I am interested in solving the problem $-A u = \lambda u$ on a finite differences grid on a square. In my case, the operator $A$ is of the type $-\Delta + \mu I$, where $\mu$ is there to impose some constraints. The method I used until now was to consider a finite differences grid and get $$ 4u_{i,j} - u_{i,j+1}-u_{i,j-1}-u_{i+1,j}-u_{i-1,j} + \mu_{i,j} u_{i,j}=\lambda u_{i,j}$$ Then we transform $u_{i,j}$ in a vector and write the above problem in matrix form $Au = \lambda u$. The problem I have with this is that the size of the matrix $A$ is $n \times n$, where $n$ is the number of points in the grid. Therefore, for a grid with $N^2$ points the dimension of the matrix is $N^2 \times N^2$. Therefore, the size of the matrices grows very fast with respect to the discretization.
Is it possible to solve this kind of problem without vectorization, i.e. using only matrices of size $N \times N$?

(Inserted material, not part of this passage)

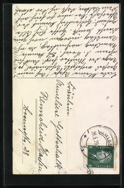 Personenbezogene Daten auf der Rückseite der Karte wurden durch blauen Textmarker unkenntlich gemacht. Die blauen Stellen sind auf die Vorderseite durchgeweicht und wirken sich negativ auf das Postkartenfoto aus

My idea is the following: If we denote $U=(u_{i,j})$ then the discrete PDE can be written as $$ (4I -S_{0,1}-S_{0,-1}-S_{1,0}-S_{-1,0})U+\mu \odot U=\lambda U,$$ where $S_{i,j}$ is the shift of the matrix with $i$ on horizontal and $j$ on vertical directions. The $\odot$ is "pointwise" product. Can this lead to a solution?